Like Frame with Aztec Camera, Duffy made his name as the front man for a group that was a solo venture in all but name. A founder member of Duran Duran in his late teens, Duffy soon decided the music he wanted to make lay in a different direction to his Brummie band mates and after a restless few years, he emerged in 1987 with The Lilac Time, whose brand of gentle, wistful folk rock couldn’t have been less fashionable at the height of the MTV decade. It was clearly a sound that suited Duffy just fine however; since then, he’s by and large stuck to the same template, quietly releasing a dozen or so albums either as part of a band or in his own name (occasionally with the moniker ‘Tin Tin’ inserted). But after eight years of silence since 2007’s Runout Groove, one could be forgiven for thinking The Lilac Time’s clock had finally stopped.
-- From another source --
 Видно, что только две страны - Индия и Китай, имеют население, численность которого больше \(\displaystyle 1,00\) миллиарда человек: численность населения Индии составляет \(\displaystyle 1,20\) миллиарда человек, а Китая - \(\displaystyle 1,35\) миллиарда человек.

No Sad Songs is therefore a return that’s as unexpected as it is quietly triumphant. Duffy has always had a wonderfully relaxed way with a tune coupled with a warm, dreamy atmospheric and both strengths are fully present and correct on this consistently strong record.
The signs were there when the title track emerged as a single at the turn of the year. An elegiac Americana-tinged delight, its mournful pedal steel and Duffy’s rich, tender baritone combined to make this the best Richard Hawley song south of Sheffield. Now 100% a family affair, No Sad Songs was recorded in Cornwall by Stephen, wife Claire and brother Nick. Although the title may suggest a more upbeat vibe, the mood here is still mostly world-weary and nostalgic, although tinged with hope.
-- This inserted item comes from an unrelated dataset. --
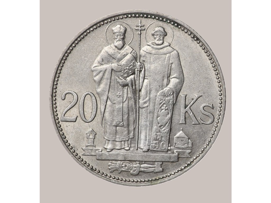 Slovenská republika vydala roku 1941 stříbrnou minci v nominální hodnotě 20 korún k připomenutí významu svatých Cyrila a Metoděje, soluňských bratří, kteří v 9. století přinesli na Velkou Moravu písmo, liturgii i kulturní tradici slovanského křesťanství. Jejich odkaz byl pro válečné Slovensko symbolem duchovní kontinuity a legitimity národní státnosti.

The album begins with The First Song of Spring, its epic, stately strings offset by wisps of fluttering banjo as Duffy and his spouse harmonise blissfully on the refrain “have I told you that I love you?” It’s a fine opener, and we don’t have to wait long for another gem; The Wedding Song is a lovely, lilting country-tinged ballad that would fit seamlessly onto a late period Neil Young record like Harvest Moon or Silver and Gold.
The jaunty bossa nova of Babylon Revisited is a slight misstep, but Duffys’ soon back on form with the aforementioned title track and the beautifully languid Prussian Blue. No Sad Songs closes with two contrasting but equally arresting compositions – the pastoral folk instrumental Rag Tag and Bobtail, complete with Vashti Bunyan-style recorders, and A Cat On The Long Wave, a ghostly waltz that fades out into waves of distorted noise.
Throughout, Duffy’s lyrics remain as idiosyncratic as ever, referencing everyone from Mervyn King to Eleanor of Aquitaine, although lines like “diaphanous friendship in transparent splendour” step close to overstepping the pretentiousness boundary. Yet even with his occasional indulgences, No Sad Songs is an impressive comeback. One can only hope that The Lilac Time’s latest bloom is not to be their last.